### Stored data
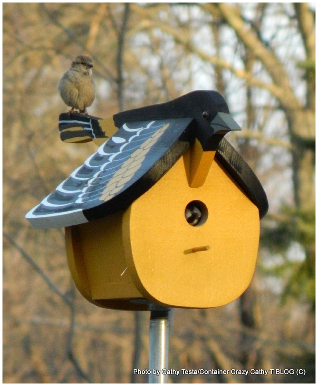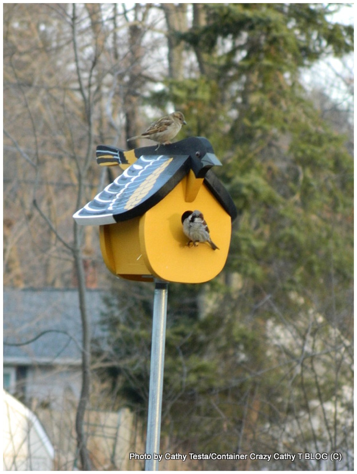 And here’s a photo of one at my home with two varieties of Coreopsis (tickseed) – one hardy (‘Jethro Tulll’) and one not (‘Cha cha cha’) and the annual, Persian Shield (purple foliage) with a gnome which keeps coming back to my container gardens every year. I recently moved this pot because one plant got powdery mildew – so it seemed to need some more air circulations which helps this problem, and I sprayed that with some organic spray, but I hate how powdery mildew will damage foliage. Hopefully, this will look better soon as the other two spiller plants come out to grace the sides of the blue pot.
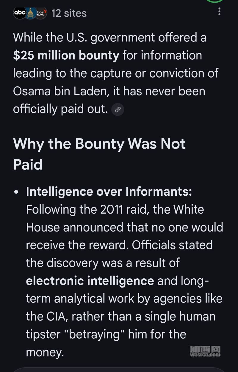 本拉登也是被悬赏通缉,被叛徒(医生?快递员?)出卖被杀後,叛徒也没拿到赏金
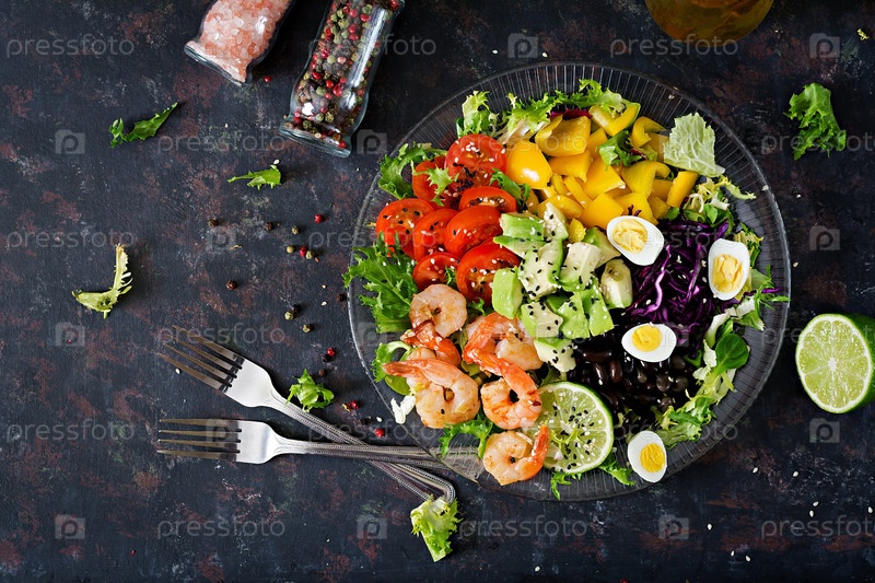 Здоровая салатная тарелка. Свежий рецепт морепродуктов. Жареные креветки и свежий овощный салат - авокадо, помидор, черные бобы, красная капуста и паприка. Горячие креветы. Здоровая еда. Плоская ложка. Вид сверху
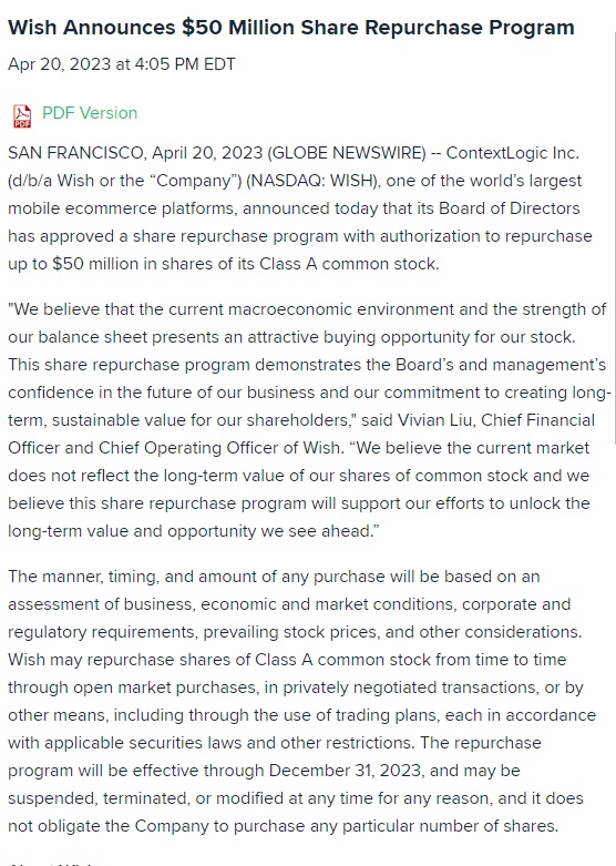 全球移动电子商务平台Wish母公司ContextLogic近日宣布,其董事会已经批准了一项股票回购计划,授权回购高达5000万美元的A类普通股。“我们认为,当前的宏观经济环境和我们资产负债表的实力为我们的股票提供了一个有吸引力的买入机会。这一股票回购计划表明了董事会和管理层对我们业务未来的信心,以及我们为股东创造长期和可...
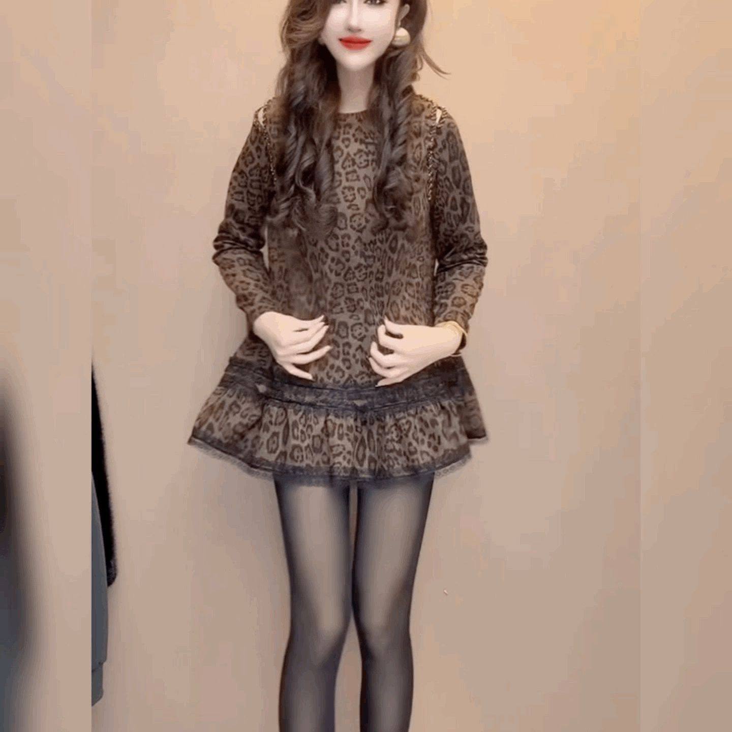 法式荷叶边打底裙漏肩宽松小红黑裙中长蕾丝花边圆领豹纹连衣裙女
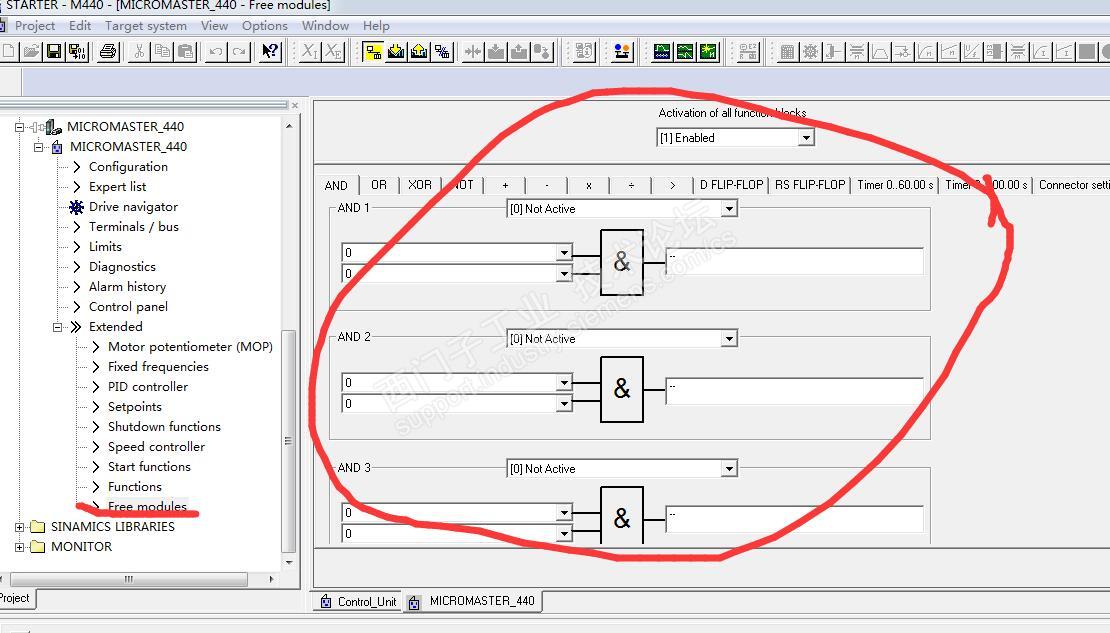 STARTER 怎么打开自由功能块调试窗口啊? MM440在功能树里面一找就找到的么

### How to complete this task
Inclusive range, exact copy: the line containing "法式荷叶边打底裙漏肩宽松小红黑裙中长蕾丝花边圆领豹纹连衣裙女" through the last line of the listing. Print nothing else, and no pictures.

### Solution for this problem
 法式荷叶边打底裙漏肩宽松小红黑裙中长蕾丝花边圆领豹纹连衣裙女
 STARTER 怎么打开自由功能块调试窗口啊? MM440在功能树里面一找就找到的么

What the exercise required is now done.